-- Opening Marker --

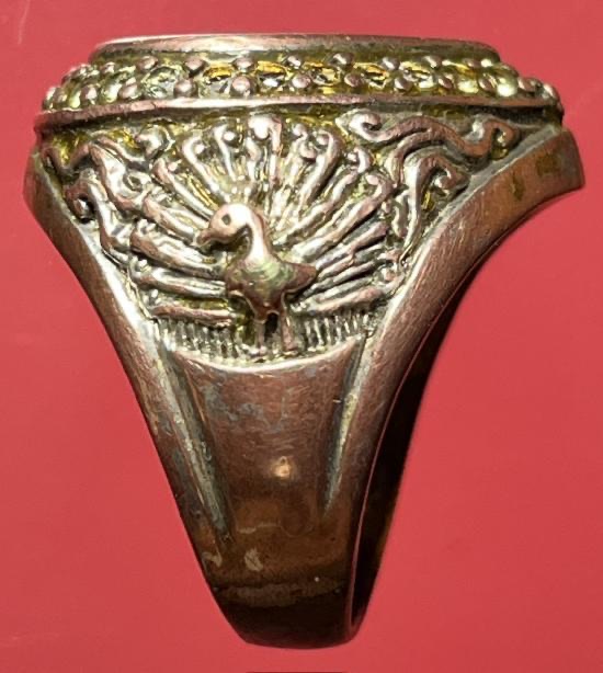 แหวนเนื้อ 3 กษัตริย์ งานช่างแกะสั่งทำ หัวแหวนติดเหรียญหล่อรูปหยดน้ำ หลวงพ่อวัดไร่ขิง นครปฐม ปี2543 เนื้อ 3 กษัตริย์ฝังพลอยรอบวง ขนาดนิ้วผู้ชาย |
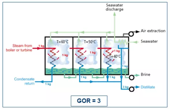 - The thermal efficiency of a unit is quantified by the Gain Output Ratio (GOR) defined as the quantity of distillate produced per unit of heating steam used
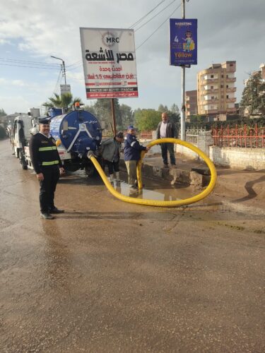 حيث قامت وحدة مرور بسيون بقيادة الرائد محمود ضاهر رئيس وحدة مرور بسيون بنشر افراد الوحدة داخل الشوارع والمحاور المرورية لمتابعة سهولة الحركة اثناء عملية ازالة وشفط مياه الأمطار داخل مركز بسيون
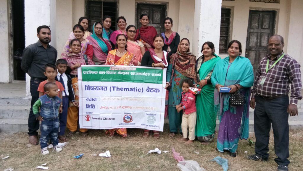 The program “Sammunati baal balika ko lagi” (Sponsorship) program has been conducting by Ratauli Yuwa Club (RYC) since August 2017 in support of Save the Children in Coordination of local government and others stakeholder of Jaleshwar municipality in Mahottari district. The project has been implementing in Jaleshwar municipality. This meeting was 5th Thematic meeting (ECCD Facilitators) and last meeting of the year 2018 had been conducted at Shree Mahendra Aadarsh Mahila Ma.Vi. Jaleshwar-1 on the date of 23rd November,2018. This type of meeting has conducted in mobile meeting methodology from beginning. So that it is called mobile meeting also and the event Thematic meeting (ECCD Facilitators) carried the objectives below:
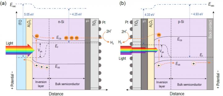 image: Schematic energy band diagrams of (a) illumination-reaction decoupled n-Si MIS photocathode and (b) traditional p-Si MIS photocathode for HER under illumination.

-- Closing Marker --

§ WHAT YOU NEED TO DO
Return the listing verbatim, pictures excluded.

§ WRITTEN ANSWER
 แหวนเนื้อ 3 กษัตริย์ งานช่างแกะสั่งทำ หัวแหวนติดเหรียญหล่อรูปหยดน้ำ หลวงพ่อวัดไร่ขิง นครปฐม ปี2543 เนื้อ 3 กษัตริย์ฝังพลอยรอบวง ขนาดนิ้วผู้ชาย |
 - The thermal efficiency of a unit is quantified by the Gain Output Ratio (GOR) defined as the quantity of distillate produced per unit of heating steam used
 حيث قامت وحدة مرور بسيون بقيادة الرائد محمود ضاهر رئيس وحدة مرور بسيون بنشر افراد الوحدة داخل الشوارع والمحاور المرورية لمتابعة سهولة الحركة اثناء عملية ازالة وشفط مياه الأمطار داخل مركز بسيون
 The program “Sammunati baal balika ko lagi” (Sponsorship) program has been conducting by Ratauli Yuwa Club (RYC) since August 2017 in support of Save the Children in Coordination of local government and others stakeholder of Jaleshwar municipality in Mahottari district. The project has been implementing in Jaleshwar municipality. This meeting was 5th Thematic meeting (ECCD Facilitators) and last meeting of the year 2018 had been conducted at Shree Mahendra Aadarsh Mahila Ma.Vi. Jaleshwar-1 on the date of 23rd November,2018. This type of meeting has conducted in mobile meeting methodology from beginning. So that it is called mobile meeting also and the event Thematic meeting (ECCD Facilitators) carried the objectives below:
 image: Schematic energy band diagrams of (a) illumination-reaction decoupled n-Si MIS photocathode and (b) traditional p-Si MIS photocathode for HER under illumination.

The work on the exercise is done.